**RAW DATA:**

Segment Open

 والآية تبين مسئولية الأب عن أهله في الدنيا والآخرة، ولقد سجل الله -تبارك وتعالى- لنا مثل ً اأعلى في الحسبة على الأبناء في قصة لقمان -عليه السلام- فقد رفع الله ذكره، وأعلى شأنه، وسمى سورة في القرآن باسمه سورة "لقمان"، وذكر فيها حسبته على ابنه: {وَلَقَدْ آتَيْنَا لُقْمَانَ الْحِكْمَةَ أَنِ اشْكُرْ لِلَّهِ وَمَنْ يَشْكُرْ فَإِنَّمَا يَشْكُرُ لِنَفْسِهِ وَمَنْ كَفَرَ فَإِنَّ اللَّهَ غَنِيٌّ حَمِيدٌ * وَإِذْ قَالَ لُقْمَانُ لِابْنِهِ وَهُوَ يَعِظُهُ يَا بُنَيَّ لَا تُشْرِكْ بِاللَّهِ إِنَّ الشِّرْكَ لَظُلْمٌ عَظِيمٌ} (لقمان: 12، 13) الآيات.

Segment Closed
Segment Open

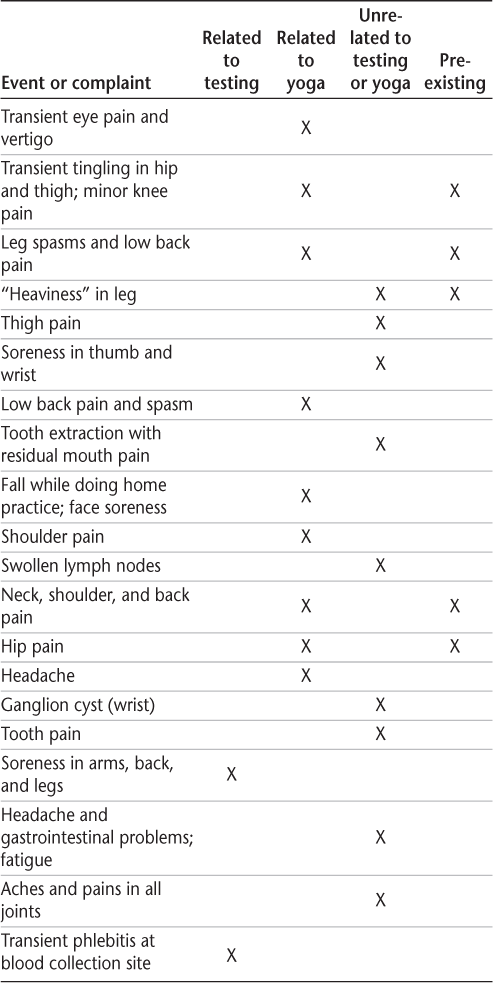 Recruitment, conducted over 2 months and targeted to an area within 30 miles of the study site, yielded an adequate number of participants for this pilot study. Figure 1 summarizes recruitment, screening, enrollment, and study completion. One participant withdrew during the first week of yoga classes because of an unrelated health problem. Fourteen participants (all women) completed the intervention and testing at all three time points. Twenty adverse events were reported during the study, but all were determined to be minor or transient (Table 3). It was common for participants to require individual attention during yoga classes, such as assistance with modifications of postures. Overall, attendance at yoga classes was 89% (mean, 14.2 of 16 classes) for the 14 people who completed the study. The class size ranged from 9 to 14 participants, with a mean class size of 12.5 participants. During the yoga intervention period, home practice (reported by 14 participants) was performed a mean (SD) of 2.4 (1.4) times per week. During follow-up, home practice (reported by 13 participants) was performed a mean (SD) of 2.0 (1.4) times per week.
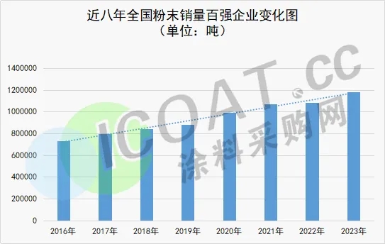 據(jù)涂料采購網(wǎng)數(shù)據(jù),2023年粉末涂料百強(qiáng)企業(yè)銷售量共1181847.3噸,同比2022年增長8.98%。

Segment Closed

**HOW TO COMPLETE THIS TASK:** Although pictures appear among the entries, please set down only the lines from the one with "Recruitment, conducted over" up to and including the one with "據(jù)涂料采購網(wǎn", word for word.

**TASK RESULT:**
 Recruitment, conducted over 2 months and targeted to an area within 30 miles of the study site, yielded an adequate number of participants for this pilot study. Figure 1 summarizes recruitment, screening, enrollment, and study completion. One participant withdrew during the first week of yoga classes because of an unrelated health problem. Fourteen participants (all women) completed the intervention and testing at all three time points. Twenty adverse events were reported during the study, but all were determined to be minor or transient (Table 3). It was common for participants to require individual attention during yoga classes, such as assistance with modifications of postures. Overall, attendance at yoga classes was 89% (mean, 14.2 of 16 classes) for the 14 people who completed the study. The class size ranged from 9 to 14 participants, with a mean class size of 12.5 participants. During the yoga intervention period, home practice (reported by 14 participants) was performed a mean (SD) of 2.4 (1.4) times per week. During follow-up, home practice (reported by 13 participants) was performed a mean (SD) of 2.0 (1.4) times per week.
 據(jù)涂料采購網(wǎng)數(shù)據(jù),2023年粉末涂料百強(qiáng)企業(yè)銷售量共1181847.3噸,同比2022年增長8.98%。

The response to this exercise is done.